*Work required*. Return, exactly and in full, the lines of the records below starting at the one with "Cabine propriétaire avec" and ending at the one with "Blouse d'été à", and no other lines.

*Source material*.

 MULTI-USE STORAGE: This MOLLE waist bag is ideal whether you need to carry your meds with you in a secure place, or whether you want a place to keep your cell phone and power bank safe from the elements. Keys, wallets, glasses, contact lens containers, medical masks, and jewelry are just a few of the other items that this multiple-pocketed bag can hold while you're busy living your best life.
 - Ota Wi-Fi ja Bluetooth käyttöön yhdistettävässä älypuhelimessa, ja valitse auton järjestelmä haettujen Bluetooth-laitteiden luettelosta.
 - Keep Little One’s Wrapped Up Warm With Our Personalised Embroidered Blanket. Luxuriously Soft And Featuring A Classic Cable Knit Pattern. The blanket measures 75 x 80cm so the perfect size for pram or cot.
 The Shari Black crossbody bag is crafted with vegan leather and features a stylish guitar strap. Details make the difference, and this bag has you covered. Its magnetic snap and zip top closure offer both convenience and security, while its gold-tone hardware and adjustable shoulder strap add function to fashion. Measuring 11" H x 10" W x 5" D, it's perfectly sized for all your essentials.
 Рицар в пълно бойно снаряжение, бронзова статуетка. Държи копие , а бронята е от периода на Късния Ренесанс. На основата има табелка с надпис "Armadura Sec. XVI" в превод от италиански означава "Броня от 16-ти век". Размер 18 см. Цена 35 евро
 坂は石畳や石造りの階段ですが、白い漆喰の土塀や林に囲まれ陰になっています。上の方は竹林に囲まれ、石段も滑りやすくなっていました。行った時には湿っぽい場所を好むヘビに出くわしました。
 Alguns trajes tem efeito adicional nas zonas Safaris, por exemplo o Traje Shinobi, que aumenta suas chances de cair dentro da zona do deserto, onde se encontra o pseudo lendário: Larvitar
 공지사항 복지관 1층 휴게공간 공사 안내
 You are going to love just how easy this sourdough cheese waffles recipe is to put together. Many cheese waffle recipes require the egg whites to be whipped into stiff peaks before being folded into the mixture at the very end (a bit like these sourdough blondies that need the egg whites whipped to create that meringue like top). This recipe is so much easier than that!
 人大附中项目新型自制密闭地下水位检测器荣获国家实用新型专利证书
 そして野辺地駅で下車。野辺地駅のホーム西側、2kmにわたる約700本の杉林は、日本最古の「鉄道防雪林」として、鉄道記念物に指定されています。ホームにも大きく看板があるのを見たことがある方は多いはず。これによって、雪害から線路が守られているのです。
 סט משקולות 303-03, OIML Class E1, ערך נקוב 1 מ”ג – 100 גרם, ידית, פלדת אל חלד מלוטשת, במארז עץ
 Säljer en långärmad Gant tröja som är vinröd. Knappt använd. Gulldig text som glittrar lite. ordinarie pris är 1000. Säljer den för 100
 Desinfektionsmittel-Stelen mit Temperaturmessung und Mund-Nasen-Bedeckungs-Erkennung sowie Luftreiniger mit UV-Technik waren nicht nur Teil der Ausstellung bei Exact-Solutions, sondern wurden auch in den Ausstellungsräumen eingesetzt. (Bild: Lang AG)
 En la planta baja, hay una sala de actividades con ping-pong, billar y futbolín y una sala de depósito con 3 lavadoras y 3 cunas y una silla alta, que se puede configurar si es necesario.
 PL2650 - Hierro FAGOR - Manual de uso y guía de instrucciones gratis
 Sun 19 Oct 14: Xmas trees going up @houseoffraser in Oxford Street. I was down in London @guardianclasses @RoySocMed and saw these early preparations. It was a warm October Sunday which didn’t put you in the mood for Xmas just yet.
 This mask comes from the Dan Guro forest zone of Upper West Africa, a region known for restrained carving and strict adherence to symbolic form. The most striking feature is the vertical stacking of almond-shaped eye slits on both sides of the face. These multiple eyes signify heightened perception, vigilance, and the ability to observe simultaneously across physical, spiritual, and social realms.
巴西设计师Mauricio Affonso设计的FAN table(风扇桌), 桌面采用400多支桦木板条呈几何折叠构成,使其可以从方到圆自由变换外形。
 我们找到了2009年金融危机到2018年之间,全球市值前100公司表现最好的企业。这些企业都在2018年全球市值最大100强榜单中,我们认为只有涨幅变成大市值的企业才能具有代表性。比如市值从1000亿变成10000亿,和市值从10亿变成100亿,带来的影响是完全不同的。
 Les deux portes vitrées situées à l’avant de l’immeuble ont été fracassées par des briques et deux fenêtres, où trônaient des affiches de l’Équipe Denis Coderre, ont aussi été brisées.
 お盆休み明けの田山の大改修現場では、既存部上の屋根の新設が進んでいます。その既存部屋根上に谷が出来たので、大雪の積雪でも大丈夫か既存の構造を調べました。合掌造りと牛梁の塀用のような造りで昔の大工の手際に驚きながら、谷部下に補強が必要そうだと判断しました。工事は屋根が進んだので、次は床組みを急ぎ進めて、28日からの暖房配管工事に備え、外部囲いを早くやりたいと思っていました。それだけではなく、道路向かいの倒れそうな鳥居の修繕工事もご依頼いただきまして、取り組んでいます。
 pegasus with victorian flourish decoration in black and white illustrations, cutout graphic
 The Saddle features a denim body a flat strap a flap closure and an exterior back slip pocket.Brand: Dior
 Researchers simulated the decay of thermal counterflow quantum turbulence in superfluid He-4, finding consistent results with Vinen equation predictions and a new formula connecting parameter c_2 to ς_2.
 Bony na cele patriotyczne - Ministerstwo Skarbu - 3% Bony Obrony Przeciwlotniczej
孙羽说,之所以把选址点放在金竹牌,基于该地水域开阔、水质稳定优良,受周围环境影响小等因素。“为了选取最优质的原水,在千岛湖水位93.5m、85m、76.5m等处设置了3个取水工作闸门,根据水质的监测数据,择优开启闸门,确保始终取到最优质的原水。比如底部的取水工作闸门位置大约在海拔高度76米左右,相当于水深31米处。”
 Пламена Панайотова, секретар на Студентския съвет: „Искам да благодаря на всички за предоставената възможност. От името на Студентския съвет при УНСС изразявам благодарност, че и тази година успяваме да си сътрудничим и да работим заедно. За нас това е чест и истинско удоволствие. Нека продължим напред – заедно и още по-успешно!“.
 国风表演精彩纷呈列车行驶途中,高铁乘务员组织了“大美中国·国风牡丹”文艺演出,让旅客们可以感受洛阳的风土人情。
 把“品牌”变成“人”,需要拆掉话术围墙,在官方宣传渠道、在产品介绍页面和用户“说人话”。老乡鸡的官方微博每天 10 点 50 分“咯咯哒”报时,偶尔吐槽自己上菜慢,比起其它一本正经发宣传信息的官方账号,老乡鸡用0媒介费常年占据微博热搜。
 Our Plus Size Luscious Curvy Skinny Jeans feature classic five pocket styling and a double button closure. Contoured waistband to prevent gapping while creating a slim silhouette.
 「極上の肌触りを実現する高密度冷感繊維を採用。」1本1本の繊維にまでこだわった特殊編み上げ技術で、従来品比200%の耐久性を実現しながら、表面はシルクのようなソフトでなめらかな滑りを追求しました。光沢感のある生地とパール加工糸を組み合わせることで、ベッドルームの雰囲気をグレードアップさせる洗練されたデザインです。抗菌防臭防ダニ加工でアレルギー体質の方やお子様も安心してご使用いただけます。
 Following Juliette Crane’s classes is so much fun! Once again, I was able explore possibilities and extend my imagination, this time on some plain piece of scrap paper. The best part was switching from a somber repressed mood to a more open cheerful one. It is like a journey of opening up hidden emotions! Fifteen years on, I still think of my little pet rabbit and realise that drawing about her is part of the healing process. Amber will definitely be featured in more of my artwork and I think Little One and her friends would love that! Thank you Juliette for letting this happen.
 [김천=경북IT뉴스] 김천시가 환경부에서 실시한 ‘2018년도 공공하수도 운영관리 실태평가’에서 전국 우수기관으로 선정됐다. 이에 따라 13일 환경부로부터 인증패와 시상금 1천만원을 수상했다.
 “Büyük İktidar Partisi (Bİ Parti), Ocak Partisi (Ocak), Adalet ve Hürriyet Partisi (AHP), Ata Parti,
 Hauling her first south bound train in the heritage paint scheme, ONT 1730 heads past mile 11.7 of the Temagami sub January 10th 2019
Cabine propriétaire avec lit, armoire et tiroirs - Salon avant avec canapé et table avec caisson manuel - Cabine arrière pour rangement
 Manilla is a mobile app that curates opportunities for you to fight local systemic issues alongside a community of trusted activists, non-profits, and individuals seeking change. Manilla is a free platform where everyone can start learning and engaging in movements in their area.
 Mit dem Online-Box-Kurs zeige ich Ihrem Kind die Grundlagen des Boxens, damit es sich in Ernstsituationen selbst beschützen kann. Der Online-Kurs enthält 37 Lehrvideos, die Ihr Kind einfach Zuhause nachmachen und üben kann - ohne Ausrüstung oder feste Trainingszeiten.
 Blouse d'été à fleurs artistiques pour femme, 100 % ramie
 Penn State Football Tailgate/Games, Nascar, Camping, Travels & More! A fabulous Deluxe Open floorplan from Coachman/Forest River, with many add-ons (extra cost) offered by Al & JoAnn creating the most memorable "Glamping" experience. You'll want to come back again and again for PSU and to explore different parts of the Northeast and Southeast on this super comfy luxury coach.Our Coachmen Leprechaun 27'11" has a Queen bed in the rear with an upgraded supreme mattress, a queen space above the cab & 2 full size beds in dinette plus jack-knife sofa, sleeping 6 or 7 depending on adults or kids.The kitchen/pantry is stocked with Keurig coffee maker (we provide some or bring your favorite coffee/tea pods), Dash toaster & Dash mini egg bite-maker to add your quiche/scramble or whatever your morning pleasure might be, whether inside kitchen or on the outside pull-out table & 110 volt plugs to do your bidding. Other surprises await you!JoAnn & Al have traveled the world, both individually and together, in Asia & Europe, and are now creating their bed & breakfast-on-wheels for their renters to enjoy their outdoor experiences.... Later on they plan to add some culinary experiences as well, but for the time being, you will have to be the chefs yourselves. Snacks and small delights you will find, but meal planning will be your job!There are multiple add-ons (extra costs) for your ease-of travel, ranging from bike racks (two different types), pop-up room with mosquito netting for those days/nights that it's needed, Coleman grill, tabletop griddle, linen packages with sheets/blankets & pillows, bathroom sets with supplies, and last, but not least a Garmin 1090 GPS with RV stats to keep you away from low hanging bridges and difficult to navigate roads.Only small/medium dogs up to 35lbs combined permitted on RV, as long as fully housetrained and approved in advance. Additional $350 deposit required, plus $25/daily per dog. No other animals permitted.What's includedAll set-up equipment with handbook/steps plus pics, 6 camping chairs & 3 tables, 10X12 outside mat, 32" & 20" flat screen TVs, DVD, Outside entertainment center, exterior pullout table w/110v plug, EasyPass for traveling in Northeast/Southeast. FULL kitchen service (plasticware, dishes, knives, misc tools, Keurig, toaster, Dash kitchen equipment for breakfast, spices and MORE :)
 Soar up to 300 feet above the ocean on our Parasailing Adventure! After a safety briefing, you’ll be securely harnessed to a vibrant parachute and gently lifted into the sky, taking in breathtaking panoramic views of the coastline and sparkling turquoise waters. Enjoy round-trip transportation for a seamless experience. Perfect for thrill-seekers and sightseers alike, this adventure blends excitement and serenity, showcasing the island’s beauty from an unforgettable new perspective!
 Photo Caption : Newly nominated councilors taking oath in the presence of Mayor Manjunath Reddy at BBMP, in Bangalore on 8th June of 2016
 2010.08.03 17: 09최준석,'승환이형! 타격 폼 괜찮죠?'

*Task response*.
Cabine propriétaire avec lit, armoire et tiroirs - Salon avant avec canapé et table avec caisson manuel - Cabine arrière pour rangement
 Manilla is a mobile app that curates opportunities for you to fight local systemic issues alongside a community of trusted activists, non-profits, and individuals seeking change. Manilla is a free platform where everyone can start learning and engaging in movements in their area.
 Mit dem Online-Box-Kurs zeige ich Ihrem Kind die Grundlagen des Boxens, damit es sich in Ernstsituationen selbst beschützen kann. Der Online-Kurs enthält 37 Lehrvideos, die Ihr Kind einfach Zuhause nachmachen und üben kann - ohne Ausrüstung oder feste Trainingszeiten.
 Blouse d'été à fleurs artistiques pour femme, 100 % ramie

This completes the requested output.